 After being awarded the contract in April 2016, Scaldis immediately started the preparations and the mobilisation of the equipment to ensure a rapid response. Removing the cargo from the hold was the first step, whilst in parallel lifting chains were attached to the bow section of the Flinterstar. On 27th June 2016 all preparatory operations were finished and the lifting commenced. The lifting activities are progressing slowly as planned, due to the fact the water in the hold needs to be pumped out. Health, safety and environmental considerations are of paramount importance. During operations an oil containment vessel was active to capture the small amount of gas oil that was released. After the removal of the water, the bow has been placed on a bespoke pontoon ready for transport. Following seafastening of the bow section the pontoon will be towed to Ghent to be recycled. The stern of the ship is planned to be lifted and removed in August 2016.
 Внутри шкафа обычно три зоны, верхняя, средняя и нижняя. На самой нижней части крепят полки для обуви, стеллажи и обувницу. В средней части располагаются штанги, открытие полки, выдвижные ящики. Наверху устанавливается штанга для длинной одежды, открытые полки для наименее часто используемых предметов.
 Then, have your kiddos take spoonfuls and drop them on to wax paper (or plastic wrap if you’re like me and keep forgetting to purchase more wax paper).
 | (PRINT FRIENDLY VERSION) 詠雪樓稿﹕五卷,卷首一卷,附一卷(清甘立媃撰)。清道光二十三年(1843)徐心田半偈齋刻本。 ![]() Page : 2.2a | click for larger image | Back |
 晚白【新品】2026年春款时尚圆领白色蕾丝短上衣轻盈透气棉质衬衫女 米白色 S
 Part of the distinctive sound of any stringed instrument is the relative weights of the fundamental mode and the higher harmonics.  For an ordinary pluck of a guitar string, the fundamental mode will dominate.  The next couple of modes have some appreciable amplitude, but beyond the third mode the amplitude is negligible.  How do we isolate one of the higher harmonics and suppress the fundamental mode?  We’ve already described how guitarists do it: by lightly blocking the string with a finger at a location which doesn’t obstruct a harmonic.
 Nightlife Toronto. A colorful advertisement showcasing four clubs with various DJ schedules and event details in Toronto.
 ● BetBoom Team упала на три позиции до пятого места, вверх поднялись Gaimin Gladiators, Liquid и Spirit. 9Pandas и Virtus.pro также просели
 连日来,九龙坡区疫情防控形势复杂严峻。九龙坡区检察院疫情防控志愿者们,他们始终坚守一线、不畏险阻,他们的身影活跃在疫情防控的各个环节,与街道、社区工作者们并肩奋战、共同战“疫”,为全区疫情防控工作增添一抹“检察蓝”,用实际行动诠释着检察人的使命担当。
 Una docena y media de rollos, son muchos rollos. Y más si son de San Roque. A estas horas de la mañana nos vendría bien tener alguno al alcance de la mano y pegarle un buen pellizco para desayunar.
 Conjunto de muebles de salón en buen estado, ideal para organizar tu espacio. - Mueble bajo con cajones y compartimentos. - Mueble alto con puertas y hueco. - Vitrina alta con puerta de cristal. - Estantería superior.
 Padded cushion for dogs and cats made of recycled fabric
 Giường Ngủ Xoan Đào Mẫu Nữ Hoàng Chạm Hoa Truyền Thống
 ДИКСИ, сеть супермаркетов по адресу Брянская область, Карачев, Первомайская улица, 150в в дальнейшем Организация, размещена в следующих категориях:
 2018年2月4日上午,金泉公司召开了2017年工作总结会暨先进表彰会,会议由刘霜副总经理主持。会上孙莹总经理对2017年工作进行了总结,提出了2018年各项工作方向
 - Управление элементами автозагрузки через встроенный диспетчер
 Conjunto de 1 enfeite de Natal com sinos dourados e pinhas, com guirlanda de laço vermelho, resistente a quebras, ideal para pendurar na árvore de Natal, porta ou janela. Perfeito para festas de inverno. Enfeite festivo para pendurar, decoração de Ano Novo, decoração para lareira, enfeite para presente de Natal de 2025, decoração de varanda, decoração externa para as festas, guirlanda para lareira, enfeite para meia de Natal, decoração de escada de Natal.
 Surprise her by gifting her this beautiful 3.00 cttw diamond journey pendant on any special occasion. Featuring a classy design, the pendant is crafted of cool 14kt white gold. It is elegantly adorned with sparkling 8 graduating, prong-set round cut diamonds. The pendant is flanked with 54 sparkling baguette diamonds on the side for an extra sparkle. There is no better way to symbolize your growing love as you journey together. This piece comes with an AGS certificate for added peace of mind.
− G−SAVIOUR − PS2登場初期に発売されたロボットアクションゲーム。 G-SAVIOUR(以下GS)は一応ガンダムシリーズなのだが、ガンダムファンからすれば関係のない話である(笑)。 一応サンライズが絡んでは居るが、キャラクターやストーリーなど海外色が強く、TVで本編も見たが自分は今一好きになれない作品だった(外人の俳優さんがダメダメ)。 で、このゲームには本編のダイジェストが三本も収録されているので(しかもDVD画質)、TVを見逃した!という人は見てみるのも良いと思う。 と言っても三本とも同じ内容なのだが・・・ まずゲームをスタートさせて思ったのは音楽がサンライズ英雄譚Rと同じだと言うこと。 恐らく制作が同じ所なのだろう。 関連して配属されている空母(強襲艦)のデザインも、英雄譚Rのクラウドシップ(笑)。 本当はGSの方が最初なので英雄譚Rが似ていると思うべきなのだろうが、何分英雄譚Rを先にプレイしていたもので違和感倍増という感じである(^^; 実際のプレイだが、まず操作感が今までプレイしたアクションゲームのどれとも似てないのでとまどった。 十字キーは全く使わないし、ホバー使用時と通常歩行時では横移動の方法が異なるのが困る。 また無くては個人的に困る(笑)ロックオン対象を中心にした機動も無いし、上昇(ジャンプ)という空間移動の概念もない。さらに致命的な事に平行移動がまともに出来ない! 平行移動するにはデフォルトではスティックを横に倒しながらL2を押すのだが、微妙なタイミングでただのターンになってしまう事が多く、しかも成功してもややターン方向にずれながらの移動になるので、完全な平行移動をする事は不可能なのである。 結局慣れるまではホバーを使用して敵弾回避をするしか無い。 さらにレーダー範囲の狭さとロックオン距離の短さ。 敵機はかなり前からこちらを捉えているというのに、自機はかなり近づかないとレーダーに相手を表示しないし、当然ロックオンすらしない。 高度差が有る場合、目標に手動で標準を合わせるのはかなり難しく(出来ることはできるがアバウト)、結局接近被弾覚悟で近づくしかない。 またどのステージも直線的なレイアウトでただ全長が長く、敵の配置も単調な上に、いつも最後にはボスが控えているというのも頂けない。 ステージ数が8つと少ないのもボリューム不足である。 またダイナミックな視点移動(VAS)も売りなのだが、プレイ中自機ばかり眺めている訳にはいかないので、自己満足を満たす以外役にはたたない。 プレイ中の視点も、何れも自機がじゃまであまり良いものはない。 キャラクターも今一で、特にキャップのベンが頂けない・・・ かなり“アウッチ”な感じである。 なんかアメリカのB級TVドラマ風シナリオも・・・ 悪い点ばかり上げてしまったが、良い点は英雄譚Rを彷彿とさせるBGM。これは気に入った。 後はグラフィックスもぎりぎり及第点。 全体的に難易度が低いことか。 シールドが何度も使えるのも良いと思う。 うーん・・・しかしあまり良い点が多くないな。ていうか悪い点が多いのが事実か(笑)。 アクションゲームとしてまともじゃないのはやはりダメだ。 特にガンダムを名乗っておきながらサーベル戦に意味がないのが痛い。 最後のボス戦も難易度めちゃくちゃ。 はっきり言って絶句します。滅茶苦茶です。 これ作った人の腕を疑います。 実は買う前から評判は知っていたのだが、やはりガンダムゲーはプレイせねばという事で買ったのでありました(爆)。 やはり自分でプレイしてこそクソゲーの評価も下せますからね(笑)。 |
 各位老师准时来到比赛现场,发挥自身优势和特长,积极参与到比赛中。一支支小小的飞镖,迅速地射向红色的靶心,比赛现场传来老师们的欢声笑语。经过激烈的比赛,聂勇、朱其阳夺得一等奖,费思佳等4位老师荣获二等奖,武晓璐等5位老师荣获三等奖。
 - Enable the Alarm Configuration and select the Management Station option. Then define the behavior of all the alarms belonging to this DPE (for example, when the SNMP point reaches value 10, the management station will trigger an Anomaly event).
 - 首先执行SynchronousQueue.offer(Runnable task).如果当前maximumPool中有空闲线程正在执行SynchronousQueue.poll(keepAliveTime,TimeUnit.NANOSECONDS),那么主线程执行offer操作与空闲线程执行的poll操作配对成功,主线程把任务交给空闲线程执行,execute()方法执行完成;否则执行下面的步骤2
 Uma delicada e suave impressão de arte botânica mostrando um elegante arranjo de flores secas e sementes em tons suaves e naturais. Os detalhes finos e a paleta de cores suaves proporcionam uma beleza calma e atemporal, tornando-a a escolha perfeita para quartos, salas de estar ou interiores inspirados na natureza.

^^^^^^^^^^^^^^^^

Output only an exact transcription of the lines above from the one with "ДИКСИ, сеть супермаркетов" up to and including the one with "Surprise her by".

* _EXPECTED ANSWER_:
 ДИКСИ, сеть супермаркетов по адресу Брянская область, Карачев, Первомайская улица, 150в в дальнейшем Организация, размещена в следующих категориях:
 2018年2月4日上午,金泉公司召开了2017年工作总结会暨先进表彰会,会议由刘霜副总经理主持。会上孙莹总经理对2017年工作进行了总结,提出了2018年各项工作方向
 - Управление элементами автозагрузки через встроенный диспетчер
 Conjunto de 1 enfeite de Natal com sinos dourados e pinhas, com guirlanda de laço vermelho, resistente a quebras, ideal para pendurar na árvore de Natal, porta ou janela. Perfeito para festas de inverno. Enfeite festivo para pendurar, decoração de Ano Novo, decoração para lareira, enfeite para presente de Natal de 2025, decoração de varanda, decoração externa para as festas, guirlanda para lareira, enfeite para meia de Natal, decoração de escada de Natal.
 Surprise her by gifting her this beautiful 3.00 cttw diamond journey pendant on any special occasion. Featuring a classy design, the pendant is crafted of cool 14kt white gold. It is elegantly adorned with sparkling 8 graduating, prong-set round cut diamonds. The pendant is flanked with 54 sparkling baguette diamonds on the side for an extra sparkle. There is no better way to symbolize your growing love as you journey together. This piece comes with an AGS certificate for added peace of mind.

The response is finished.